Response: Hydrogenation is to maintain the stability of the model, making the model more stable and easier to converge. Thanks for your comments for adding oxygen. We have made changes in the manuscript.

 

Comment 4: According to Fig. 2, it seems that BCl₃ is bonded with H atoms above Si atoms. Is this right? Using your atomic configuration (SiH), is this explainable that positive position of the molecule is the most favorable in Si (100) surface? What happens if other atoms (such as O atoms) are formed above Si atoms?

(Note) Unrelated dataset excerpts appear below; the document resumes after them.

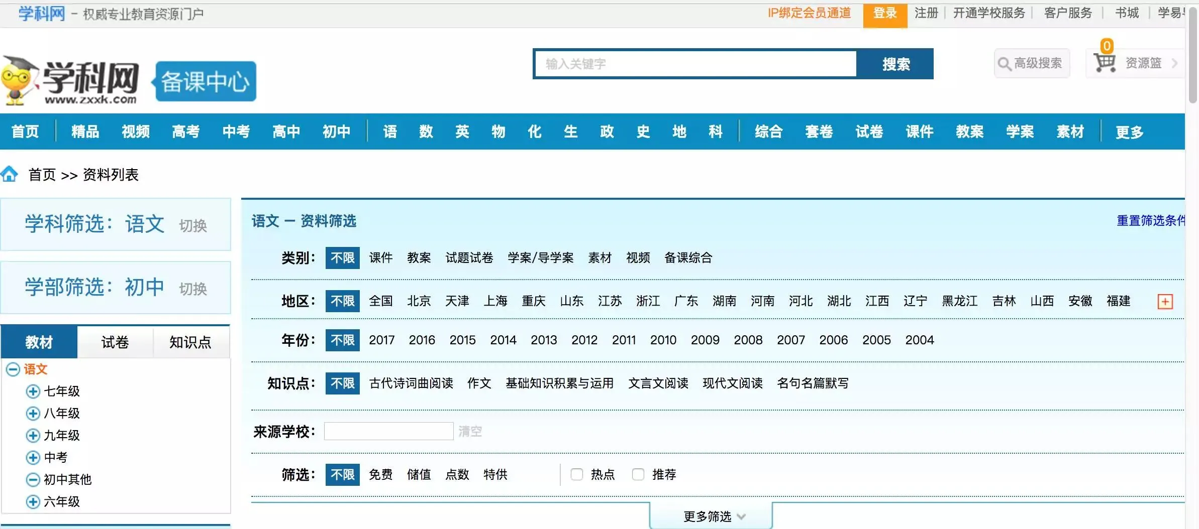 可以按照年级,地区,学科搜索。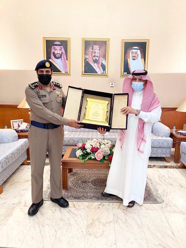 وتسلم درعاً تذكارية بهذه المناسبة، وذلك تقديراً لدعمه الكامل لجهود الدفاع المدني.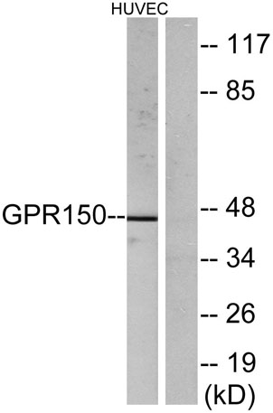 Western blot analysis of lysates from HUVEC cells, using GPR150 Antibody. The lane on the right is blocked with the synthesized peptide.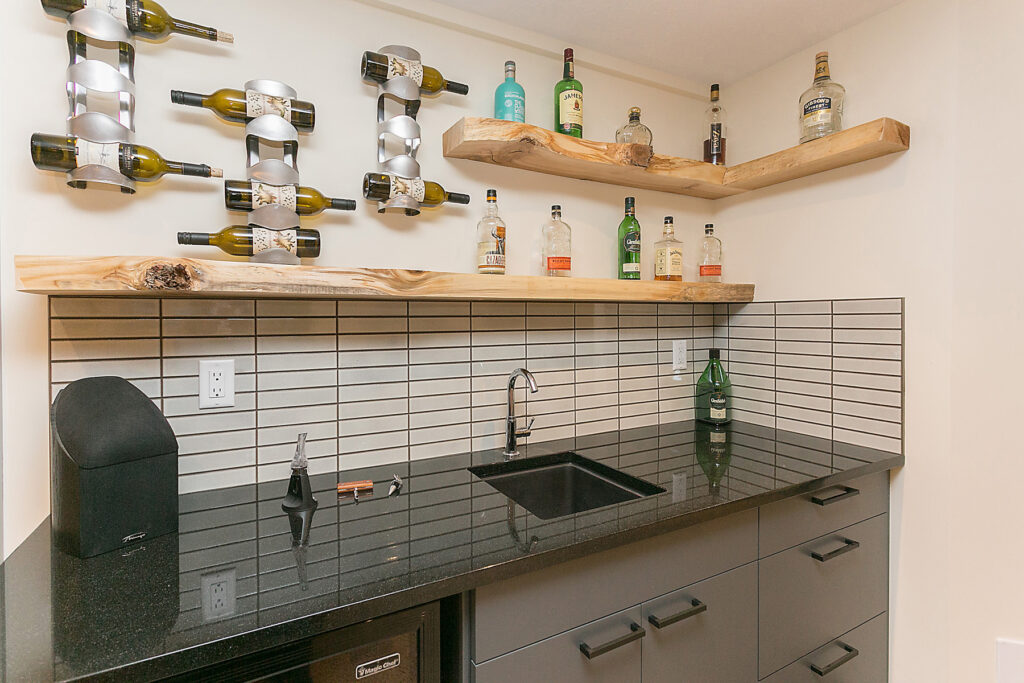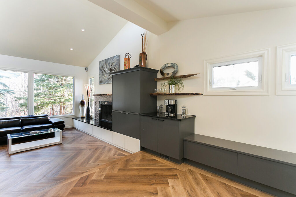 This modern designed custom home features an open-concept layout, hardwood floors throughout the main living areas, unique tile backsplashes, and high-end finishes. The large windows bring in plenty of natural light.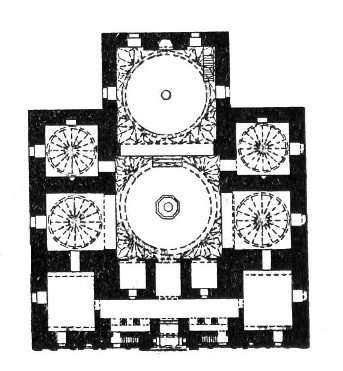 Османское зодчество в своем развитии прошло два основных этапа. Первый, охвативший по времени 14 и первую половину 15 в., связан со строительством в столичной Брусе (Бурсе) и в ряде других городов Малой Азии. В этот период турецкие зодчие, сохраняя строительные приемы сельджукского времени, стремились к простым геометрически правильным формам здания. Наиболее значительными памятниками, отразившими тенденции первого этапа, являются культовые здания: Улу-Джами (14 в.) и Йешиль-Джами (Зеленая мечеть, 1423 г.) в Брусе, Нилюфер-хатун имарет и Йешиль-Джами (обе 14 в.) в Изнике и другие постройки. Улу-Джами представляет большой зал, разделенный рядами столбов, поддерживающих своды. Йешиль-Джами в Брусе состоит из двух расположенных по главной оси здания больших купольных залов. К первому, в центре которого находится мраморный бассейн для омовения, справа и слева примыкают небольшие подкупольные пространства. Интерьер облицован расписными изразцами (с ,преобладанием зеленого цвета) и имеет очень своеобразный переход от стен к кругу купола, исполненный в виде граненого фриза. Рельефными изразцами богато декорирован также входной портал. Композиционный прием, состоящий в расположении по бокам главного молитвенного зала небольших купольных помещений, характерен и для других культовых зданий Брусы, а также для ранних стамбульских мечетей.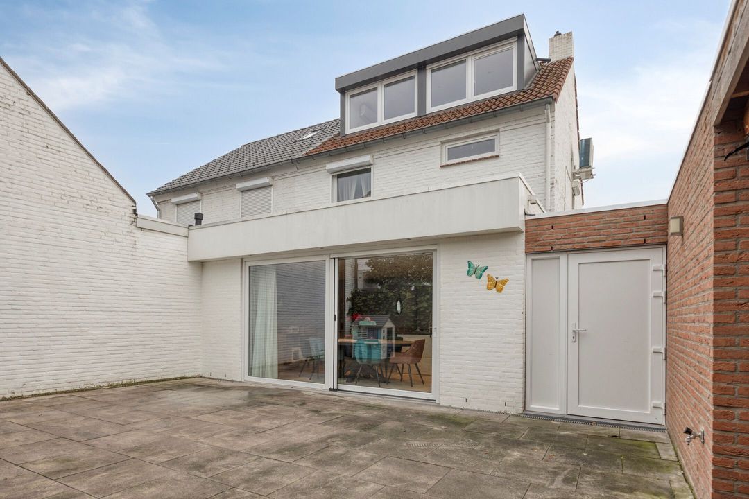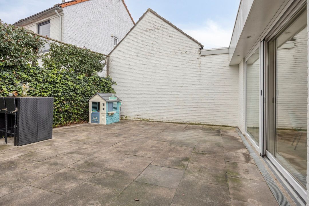 De ruime, onderhoudsvriendelijke achtertuin is bereikbaar via de schuifpui in de woonkamer én via de deur in de bijkeuken. De tuin is ingericht met een combinatie van een terras en groene plantborders, en is volledig omheind, waardoor privacy en rust gegarandeerd zijn. Aan de achterzijde bevindt zich een fijne overkapping van ca. 10 m² (geplaatst in 2025), een heerlijke plek om te genieten, te ontspannen of gezellig te tafelen.

Response: We have revised the manufacture as following:

Figure 2 shows the adsorption of BCl₃ on the surface of Si(100). The main bond is the bond between B and Si. From the change of bond length and energy, it can be analyzed that BCl₃ is adsorbed in the positive position of the molecule. Its adsorption energy is negative and the adsorption structure is the most stable.

 

Comment 5: It is informative how boron impurity is doped inside poly-Si using DFT. But is there any suggestion or solution to reduce boron impurity inside poly-Si based on your result?

Response: We have revised the manufacture as following:

The impurity B may deposit on the surface of the silicon rod competing with polysilicon and the trace impurity B-compound may enrich by the influence of transport phenomena. The above two phenomena are the main reasons causing the high impurity B in the silicon production. It is obvious that the adsorption of BCl₃ on silicon to cause the deposition of B on silicon surface. Therefore, transport phenomenon investigation may be effective method to reduce boron impurity inside poly-silicon, such as increasing mole fraction of H₂ and temperature.

Author Response File: Author Response.pdf

Round 2

Reviewer 1 Report

The authors performed the required modifications. Also, I am grateful for the authors effort in the revised version of the manuscript and after this improvement, I can say that it can be accepted to be published in this journal.

Reviewer 3 Report

No comments